A. EZH2 level in normal prostate, ESE3^low and NoETS tumors. B. EZH2 level in NoETS and ESE3^low tumors in Wallace et al. microarray dataset. C. EZH2 level in control (sh-) and stable ESE3 knock-down (sh 4, 6, 7) LNCaP clones determined by RT-PCR. D. EZH2 level in control (sh-) and ESE3 knock-down (sh17, 28) LHS clones determined by RT-PCR. E. Nkx3.1 level in normal prostate, ESE3^low and NoETS tumors. F. Nkx3.1 level in control (sh-) and ESE3-knock-down LNCaP and LHS cells determined by RT-PCR and Western blot (right bottom). G. Nkx3.1 promoter activity in PC3 cells transfected with human NKx3.1 promoter reporter along with the indicated expression vectors. Luciferase reporter activity was measured after 24 h. *p<0.01; **, p<0.001.

Figure 6. Silencing of Nkx3.1 is mediated by EZH2 in ESE3 knock-down cells.
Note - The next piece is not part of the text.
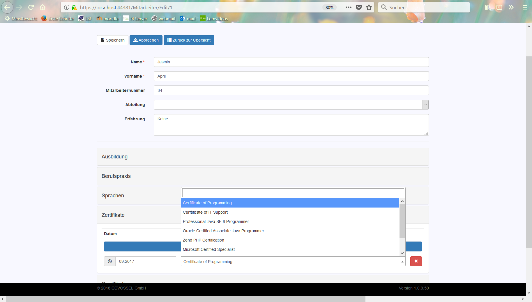 Es soll eine Webanwendung erstellt werden, in welche die Mitarbeiter des Unternehmens ihre Fähigkeiten und Fertigkeiten,

A. RNA was extracted from control (sh-) and ESE3 knock-down (sh7) LNCaP cells 48 h post-transfection with siEZH2 and control siRNA and analyzed by RT-PCR. B. H3K27 methylation was assessed in sh- and sh7 LNCaP cells by ChIP and qPCR with primers encompassing the EBS and ARE in the Nkx3.1 gene. ETS2 was used as negative control (Fig. S8B) C. ESE3 binding to the EZH2 and Nkx3.1 promoter was assessed by ChIP and qPCR in sh- and sh7 LNCaP cells. ETS2 was used as negative control (Fig. S9A). D. ESE3 binding to the EZH2 and Nkx3.1 promoter in control and ERG-expressing (ERG-18) LNCaP cells assessed by ChIP and qPCR. ETS2 was used as negative control (Fig. S9B). *, p<0.01.

Figure 7. Effects of deregulated expression of ERG and ESE3 in prostate cancer cells.
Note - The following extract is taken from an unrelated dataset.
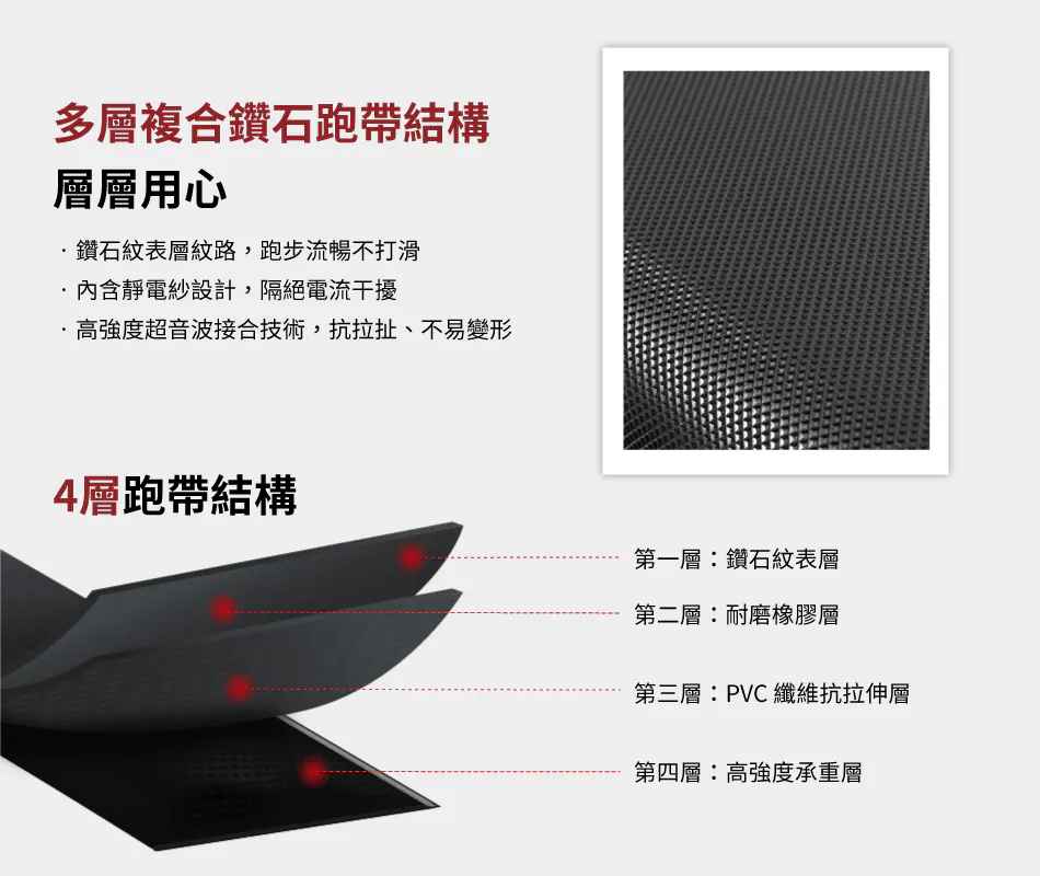 ● 跑板兩側設計低階差止滑板,跑步同時顧安全

A. ERG over-expression and ESE3 knock-down (B) enhance cell migration. Cells were grown until confluence and starved for 24 h when a scratch was performed on the monolayer. Pictures were taken at 0 and 72 h. Representative photographs of triplicate experiments are shown. C. Control and ERG over-expressing LNCaP cell clones were plated in polyhema coated 96-well plates and cell viability was measured using a colorimetric assay at the indicated time points. D. Control and ESE3 knock-down LNCaP cells were plated in polyhema and assayed as described above. E. VCaP cells were transfected with siRNAs against ERG or EZH2 and plated in polyhema after 24 h. Cell viability was measured as described above. F. Parental and ERG-expressing (ERG-18) LNCaP cells were transfected with siRNAs against EZH2 and assayed as indicated above. G. Parental and ERG-expressing (ERG-18) LNCaP cells were transfected with full length Nkx3.1 expression vector and assayed as indicated above. H. Parental (sh-) and ESE3 knock-down (sh-7) LNCaP cells were transfected with full length Nkx3.1 expression vector and assayed as indicated above. Data are presented as mean ± SD of triplicate experiments. *, p<0.01; **, p<0.001.

Figure 8. Model of the reciprocal regulation of EZH2 and Nkx3.1 by competing ETS factors.

ESE3 controls expression of EZH2 and Nkx3.1 in normal prostate epithelial cells. ERG over-expression or loss of ESE3 leads to abnormal expression of these key genes and promotes cell transformation.